Election year politics have heightened public awareness of the issues swirling around the ESEA re-authorization. Diane Stark Rentner of the Center on Education Policy believes that “the campaign for the presidency has taken some interesting turns, with one of the most significant being the growing attention being paid to education.” Politicians on both sides of the aisle and in both houses are clamoring to take credit for education reform. The tension lies primarily between largely Republican-supported measures that provide high levels of flexibility to the states (chiefly block grants and voucher programs) and Democratic proposals to maintain some targeted spending and increase accountability for performance. 

The House bills and the Senate counterpart (S-2) introduce pilot programs to block-grant ESEA funds:  the House version allows 10 states to try this approach, the Senate ups it to 15. These bills represent a fundamental change in the structure of ESEA, particularly Title I, allowing states to transfer up to 100 percent of their activity funds between formula programs. Title I funds would no longer be targeted to programs that address specific needs. U.S. Secretary of Education Richard Riley fumes, “The program [Safe and Drug Free Schools] will never get better if Congress keeps retreating from a more targeted approach.”

And while Rep. Mike Castle (R-Del.) says, “This is an education bill, not a gun bill,” guns played a prominent role in the debates. The House bill allows ESEA monies to be spent on such things as acquisition of metal detectors and security personnel, school security assessments and training, drug testing and locker searches, but not on arts for at-risk youth (repealing the Cultural Partnership for At-Risk Children and Youth program).  

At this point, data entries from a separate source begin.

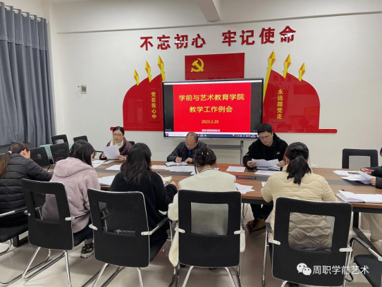 2023年2月20日下午,学前与艺术教育学院召开教学工作例会,院长高岐奎、副院长耿润、办公室主任杨晨及各教研室主任参加会议。
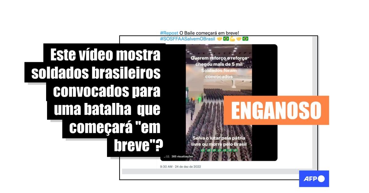 A alegação é compartilhada junto a um vídeo de pouco mais de um minuto com as frases sobrepostas: “Querem reforço o reforço chegou mais de 5 mil soldados foram convocados” e “selva ou lutar pela pátria livre ou morre pelo Brasil”.
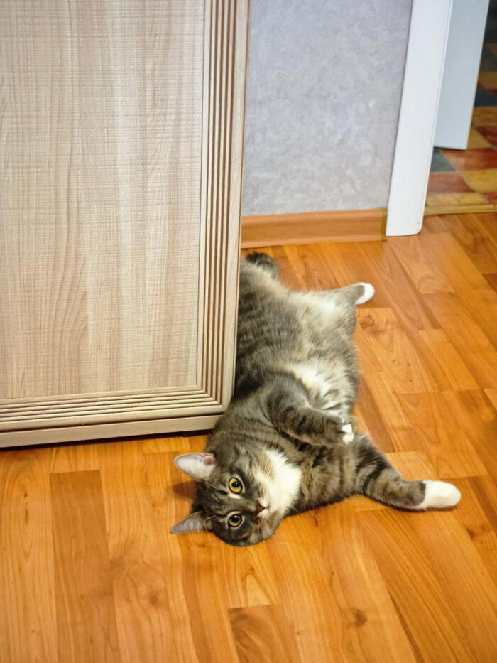 Но и поиграть кот всегда готов. А ещё он очень мягкий. И шёрстка шелковистая.

Another “flexible spending option is a continued emphasis on Character Education. Character Education expert, author and Superintendent of Hudson, Mass., Public Schools Sheldon Berman cautions, “Character education is not simple … Human beings often gravitate to simple answers to complex questions.” Perhaps some Congress members need one of Berman’s Character Education courses before they continue work on re-authorizing ESEA.

 

Alleged ‘Deadbeat Dad’ Wins Indiana Primary

 

Brian Kerns, a former chief of staff for outgoing Rep. Ed Pease (R-Ind.), won his primary over Lafayette businessman Bob Griffiths for the right to face the voters in the fall election.  Just a week before the election, the Indianapolis Star published charges that Kerns “fostered an environment that was hostile to women” by verbally abusing several former Pease staffers, and has a history of delinquency on child support payments.  Kerns denied the charges, and sailed to a comfortable victory.

Passings

Joe Hein, staffer for Sen. Tim Johnson (D-S.D.) and a potential contender for this year’s South Dakota House race against Rep. John Thune (R-S.D.), committed suicide at his Alexandria, Va.,  home on April 30. His colleagues in Johnson’s office called Hein dedicated and generous, with a special concern for children and youth. He was working to get a branch of the national noprofit after-school reading and mentoring program, “Everybody Wins,” off the ground in South Dakota.

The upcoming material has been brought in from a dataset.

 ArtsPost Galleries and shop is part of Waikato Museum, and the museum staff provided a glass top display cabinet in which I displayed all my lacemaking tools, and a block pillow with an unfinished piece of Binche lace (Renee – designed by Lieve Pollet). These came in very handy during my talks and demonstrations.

“One of the five greatest individuals I have ever met in my life,” is how Sen. Paul Wellstone (D-Minn.) described his legislative director, Mike Epstein, who passed away on May 6, a week after retiring from his 30-year career as a Senate staffer.” Mike really represented those who didn’t have a high paid lobbyist pushing for them, such as children in poverty, and working parents,” said Sen. Tom Harkin (D-Iowa). 

 

Haskins Leaving

Another congressional “institution” and one of the primary authors of the 1996 welfare reform legislation, Ron Haskins, majority staff director for House Ways and Means Committee Chairwoman Rep. Nancy Johnson (R-Conn.), has announced plans to leave Congress. Opinionated, fiesty and dogmatic, Haskins is known for being an intellectual strategist who has been referred to as a “worthy opponent” by minority finance committee staffers in the Senate, who often must work with Haskins on legislation impacting children and families.  He has not disclosed his future plans.